The included features were representative for the major drivers of biodiversity change, i.e. climate change, habitat change, overexploitation, invasive species and pollution⁵⁷. As climatic dataset we retrieved all CHELSA bioclimatic variables^58,59. The European Space Agency’s land cover product for the year 2015 in 300 m resolution⁶⁰ was used to calculate fractions for different natural land cover types (n = 17). One raster was calculated per land cover class, representing the proportion of land covered by that class per cell. As general indicators of anthropogenic land use and land use change we included the global human footprint index⁶¹, including associated stressors such as population density, cropland area and pasture area, human modification index⁶², future urban expansion probabilities⁶³, fraction of land designated to protected areas⁶⁴, deforestation rates between the years 2000 and 2019⁶⁵, different habitat heterogeneity metrics⁶⁶ and cumulative application rates of different pesticides⁶⁷. We counted the number of power plants⁶⁸ and dams⁶⁹ within each species geographical range, and included country-specific water scarcity estimates⁷⁰, annual streamflow⁷¹, stream connectivity indices⁷² as well as freshwater environmental variables⁷³, including eutrophication, pollution and upstream land use fractions, to account for the most severe impacts in freshwater systems^74,75. Illegal hunting activities remain problematic for many species⁷⁶. Yet, to the best of our knowledge, global poaching data does not exist. Therefore, we included factors that may affect the rate of poaching on a global scale^77,78, i.e., the human development index (HDI) in 2019, the average annual HDI growth between 1990–2019⁷⁹ and the corruption perceptions index (CPI) in 2020 at country-level⁸⁰. We further included estimated threats from species invasions, country-specific capacities to respond to invasion⁸¹, a set of modelled impacts on marine ecosystems^82,83 and marine environmental variables^84,85. All layers were aggregated for computational efficiency by averaging to 0.5-degree cells (approximately 56 km at the equator).

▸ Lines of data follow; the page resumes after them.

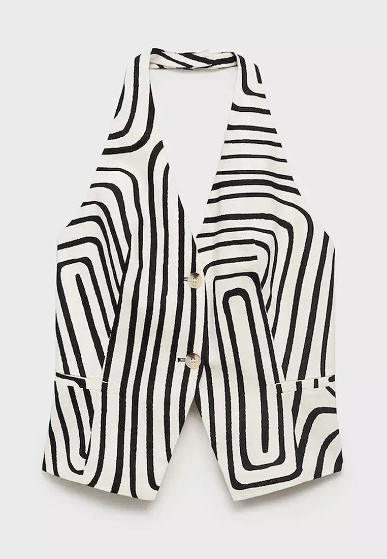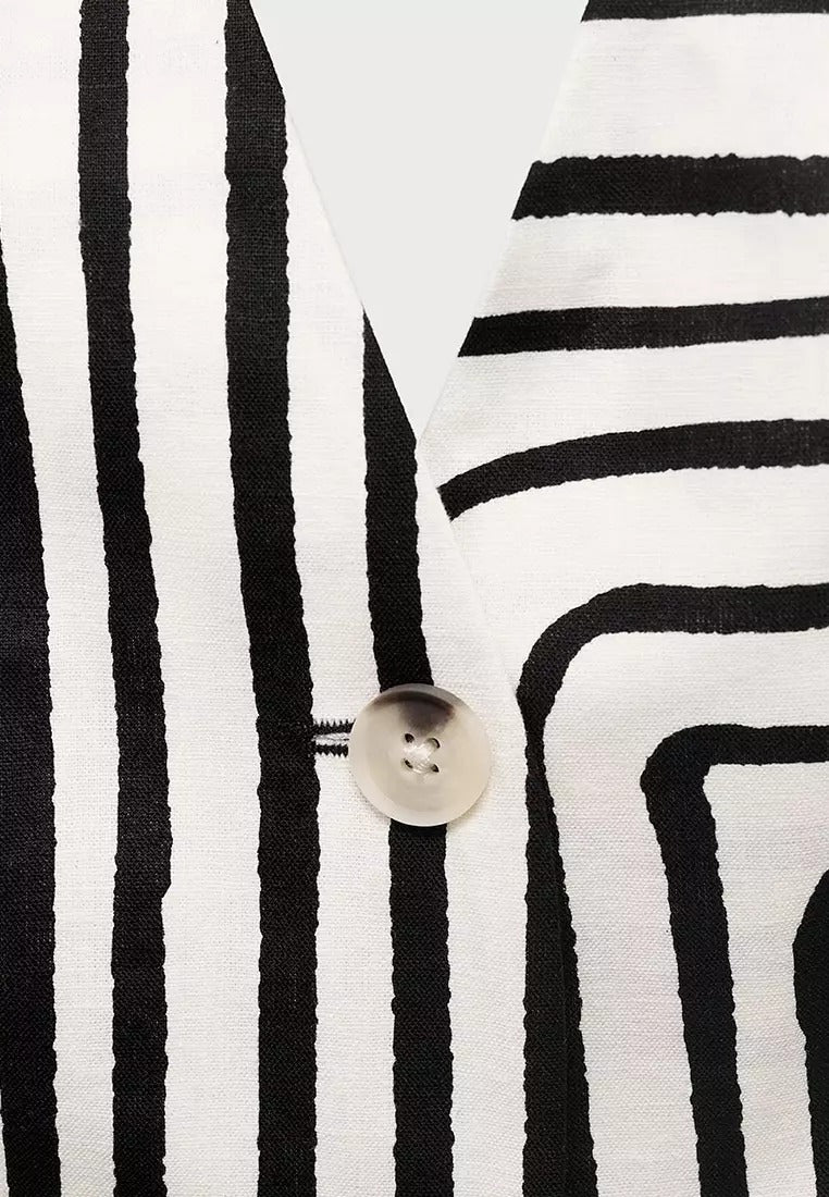 Unleash your untamed side in this head-turning backless tank, where deep V-neckline meets Geometric - Print stripes on ultra-breathable linen-cotton blend. The adjustable back tie and open-back design ensure maximum airflow, while the 55% linen 45% cotton construction gets softer with every wear.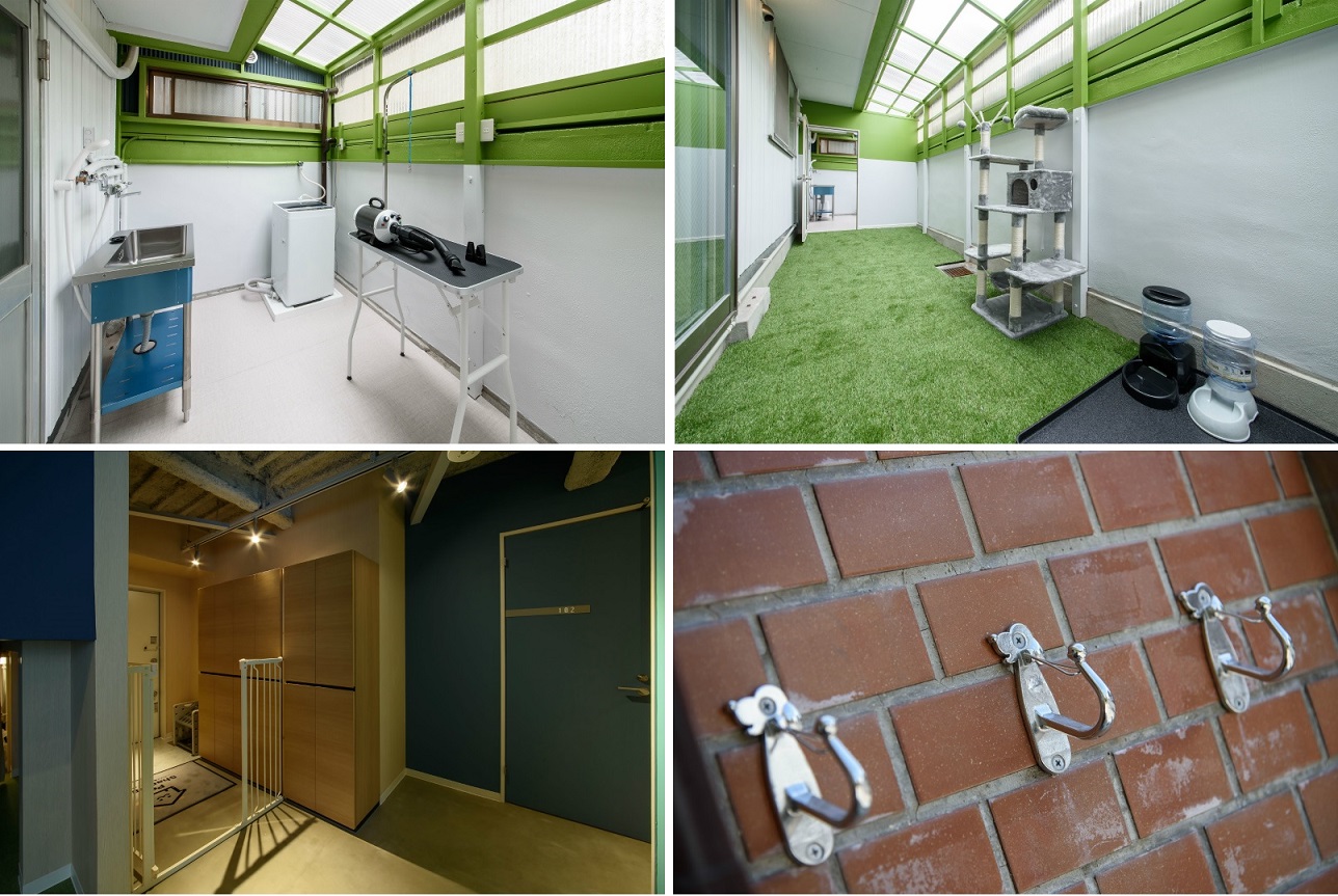 居室のある2階と3階それぞれに温水洗浄便座、シャワールーム、浴室(2階のみ)、洗面室、洗濯機、乾燥機を完備。そして1階は共用キッチンと台所のほか、ここの大きな特徴となる、ペットの手入れができるグルーミングルームとペット用のプレイルームを備える。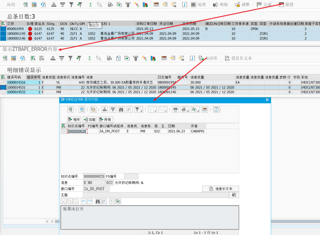 双击后通过错误ID读取ZTBAPI_ERROR中的内容.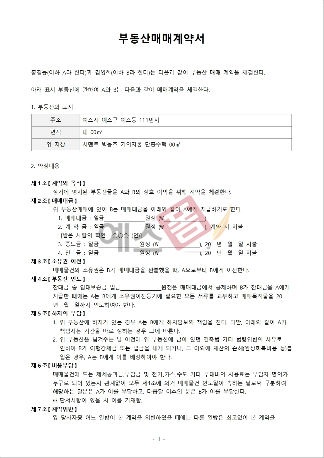 부동산매매계약서는 부동산매매 시 필요한 계약서로 매매대금 및 지급시기, 소유권이전, 각종권리, 제세공과금, 부동산의 인도, 계약의 해제에 관한 사항으로 구성되어 있습니다.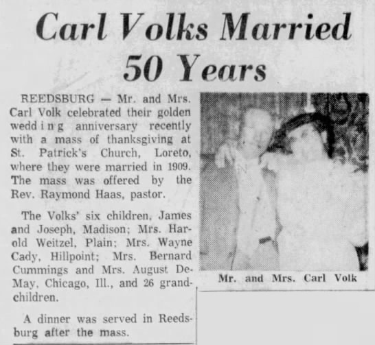 | Father* | Joseph Volk Sr. b. 1842, d. 1922 |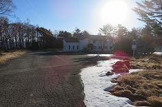 | 小屋は窓もドアも全開。廃業し過去のものになっていた。 | 南八ヶ岳側全景 | ゴルフ場内の立木は伐採されていた。このあとここでメガソーラーが設置される。 | 看板も取り外され |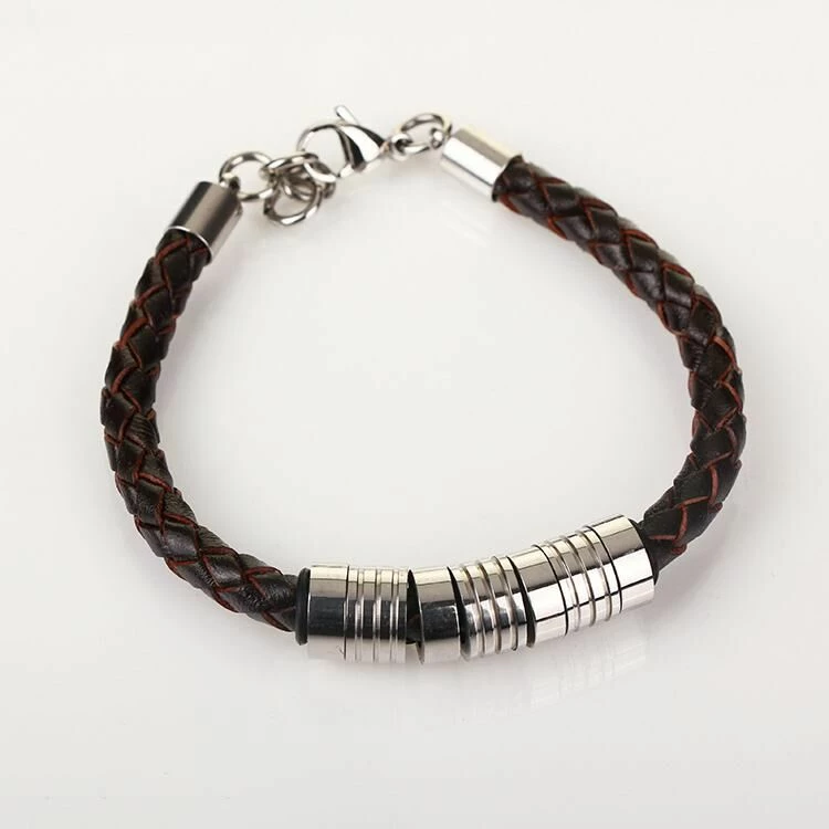 Perfect for the modern and fashion conscious man, this genuine leather and stainless steel bracelet is sure to add style to any outfit, casual or smart.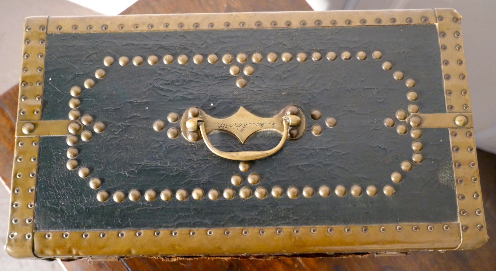 An Antique Leather and Brass Studded Treasure Chest or Jewellery Box 1878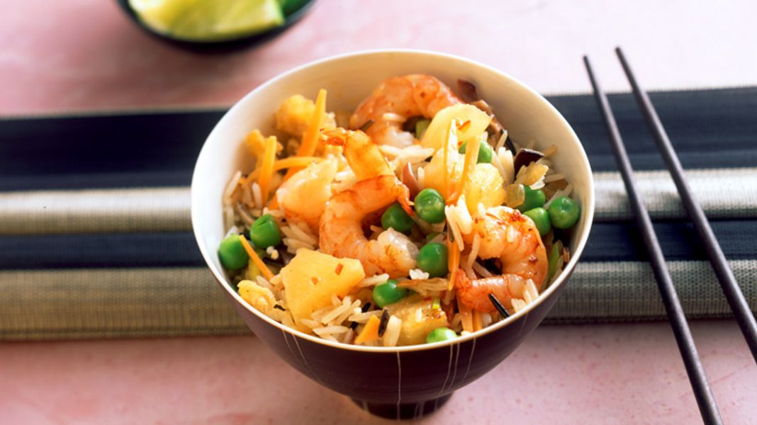 Chinese gebakken rijst smaakt heerlijk en is makkelijk te bereiden. U kunt de ingrediënten naar eigen smaak variëren. Voor nu vindt u een goed voorbeeld van een mogelijk combinatie. Wanneer u geen garnalen mag of niet lekker vindt kunt u het vervangen met kip. Wilt u het exotischer? Voeg dan blokjes mango toe!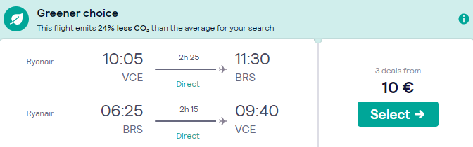 Primer letalske povezave iz Benetk v Bristol (npr. 11. – 18.01.2020)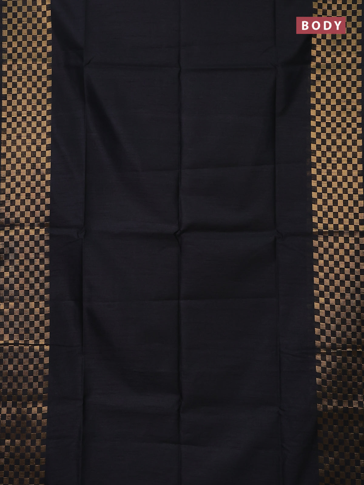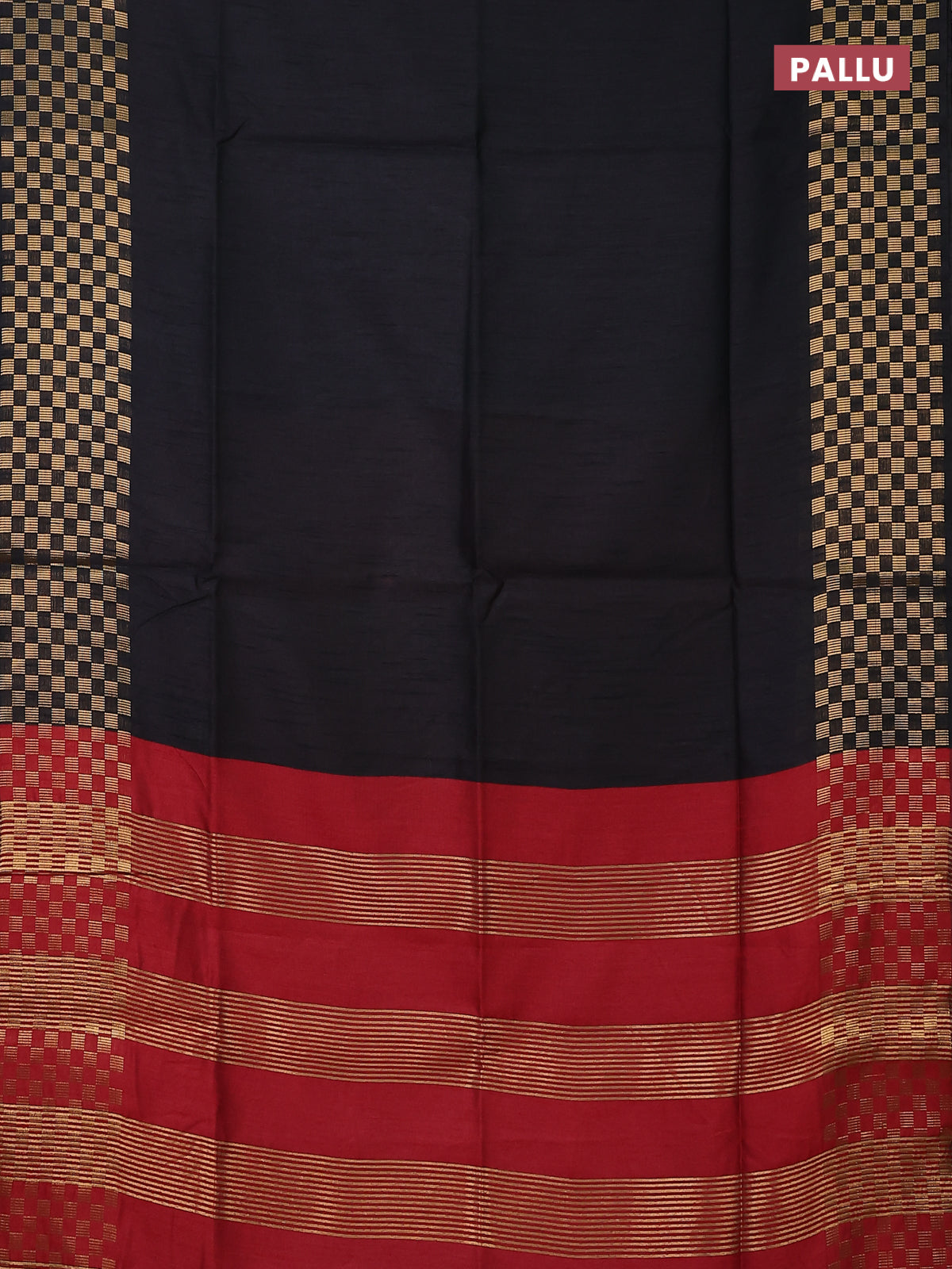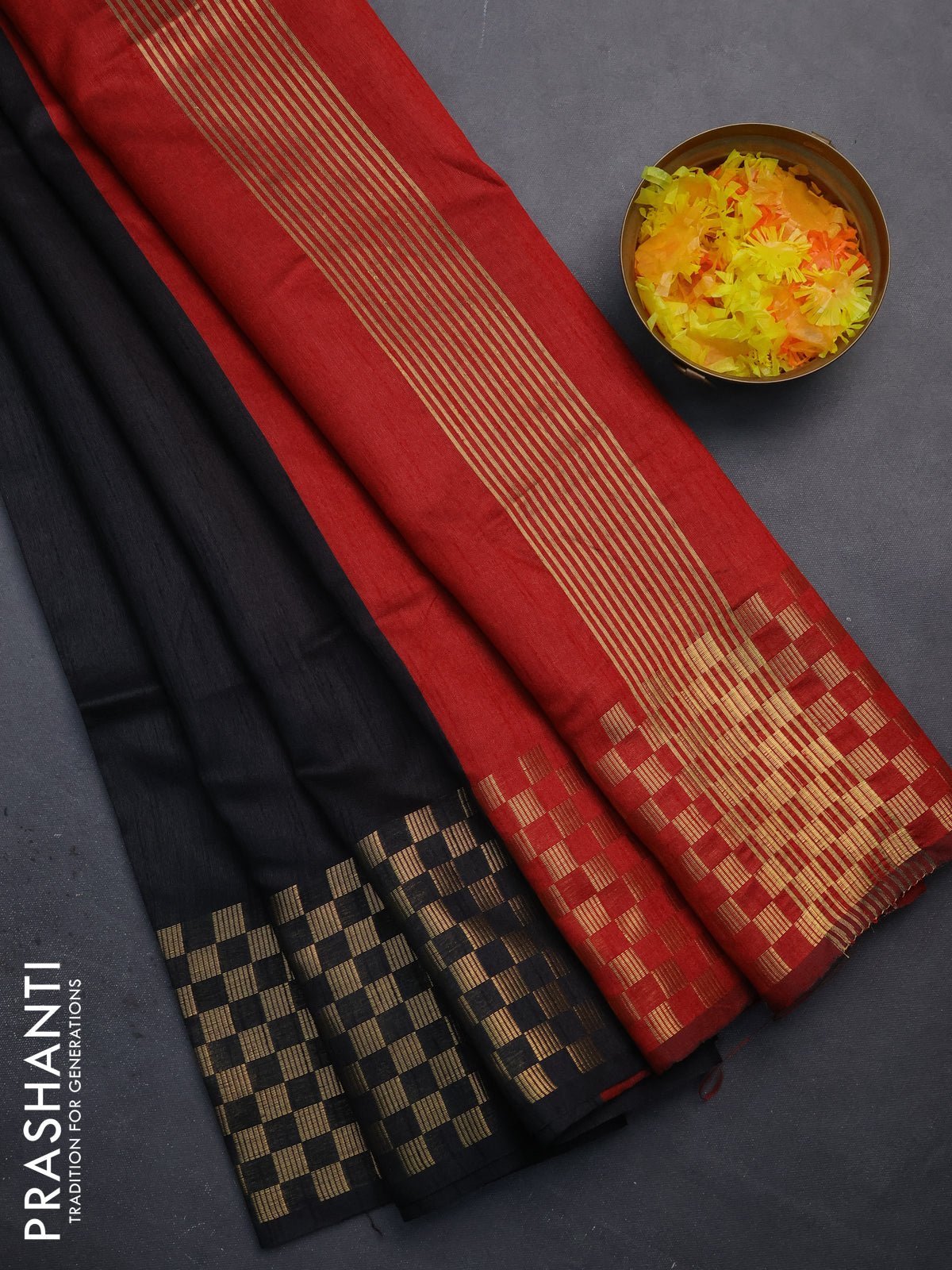 Semi dupion saree black and maroon with plain body and zari woven checked border

Machine learning classifier

We aimed to estimate the probability of being threatened by extinction (hereafter: PE score) for DD species by training a machine learning classifier, fitted using species with known threat-levels. All DS species were reclassified into two groups based on their IUCN Red List categories: threatened by extinction (i.e., all species in the categories VU, EN, and CR) and not threatened by extinction (i.e., all species in the categories LC, LR/LC, LR/CD and NT). Species classified as DD (n = 7699) were set aside and not used for training or testing the classifier. All assessments identified by the IUCN as in need of an update were removed¹⁶, with one exception: if fewer than five records remained for a given taxonomic class, outdated assessment were kept to maximize the amount of training data. We used a data split for model validation^16,39,86,87. Therefore, the remaining dataset (n = 28,363 species) was split into training (75%) and testing (25%) data. During the data split the balance of threat categories were maintained within both taxonomic families and environmental domains, i.e., marine and non-marine.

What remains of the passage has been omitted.